Last updated: July 7, 2026
Inference latency optimization is the work of cutting the delay between a user's request and the model's response. Inworld AI, a research lab and inference provider focused on realtime consumer AI, runs speculative decoding, KV caching, quantization, and custom kernels in production; speculative decoding alone speeds decode 2 to 3x with provably identical output (
Leviathan et al., 2022).
This page defines the metrics, maps each lever's gain against its cost, and shows how to measure your own TTFT in ten lines.
What metrics actually measure inference latency?
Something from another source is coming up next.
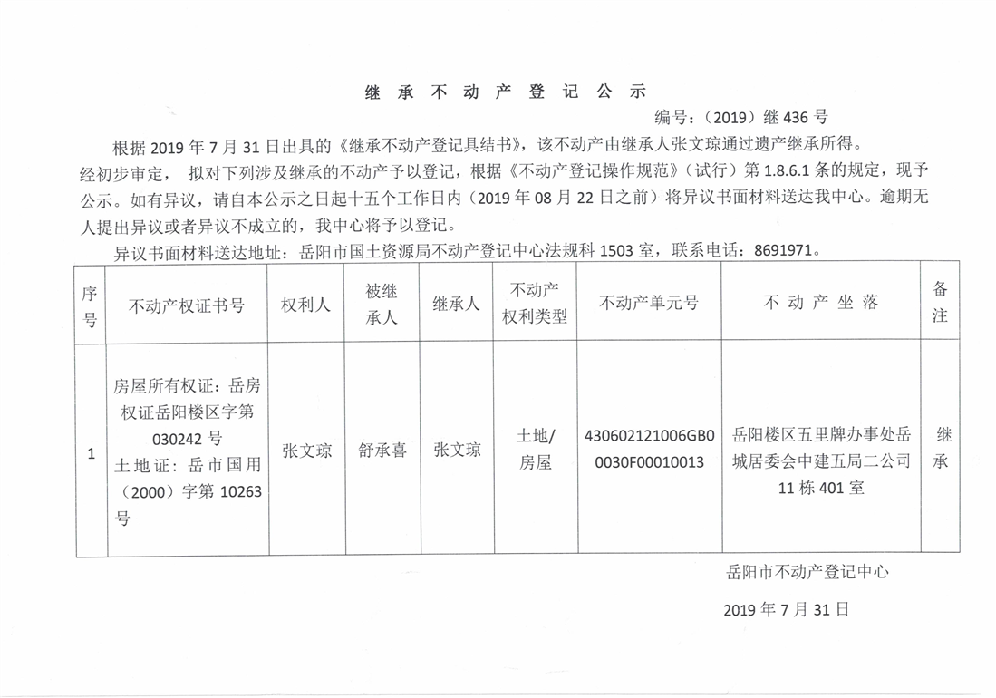 继承不动产登记公示 编号:(2019)继436号(张文琼)

Four numbers describe inference latency: time-to-first-token (TTFT), the delay before the first token streams back; inter-token latency (ITL), the gap between subsequent tokens; time-to-first-audio (TTFA) for voice pipelines; and the percentile you read them at. Median (P50) describes the typical request; P90 and P99 describe the requests users complain about.
TTFT is dominated by prefill compute, queueing, and network round trip; ITL by decode speed and batch contention, so they respond to different levers. In a voice pipeline the budget compounds: TTFA stacks the LLM's TTFT on top of the speech model's latency. Inworld's Realtime TTS-2 delivers sub-250ms P90 time-to-first-audio and TTS 1.5 Mini roughly 100ms median (
inworld.ai/tts, as of July 7, 2026), leaving most of a conversational turn's budget to the LLM.
Which levers reduce latency, and what does each cost?
Six serving-side levers dominate the optimization stack: speculative decoding, prefix caching, quantization, batching-window tuning, disaggregated prefill/decode, and kernel optimization. Each buys a specific improvement and costs something specific, whether memory, throughput, marginal accuracy, or engineering time. None changes model outputs except quantization.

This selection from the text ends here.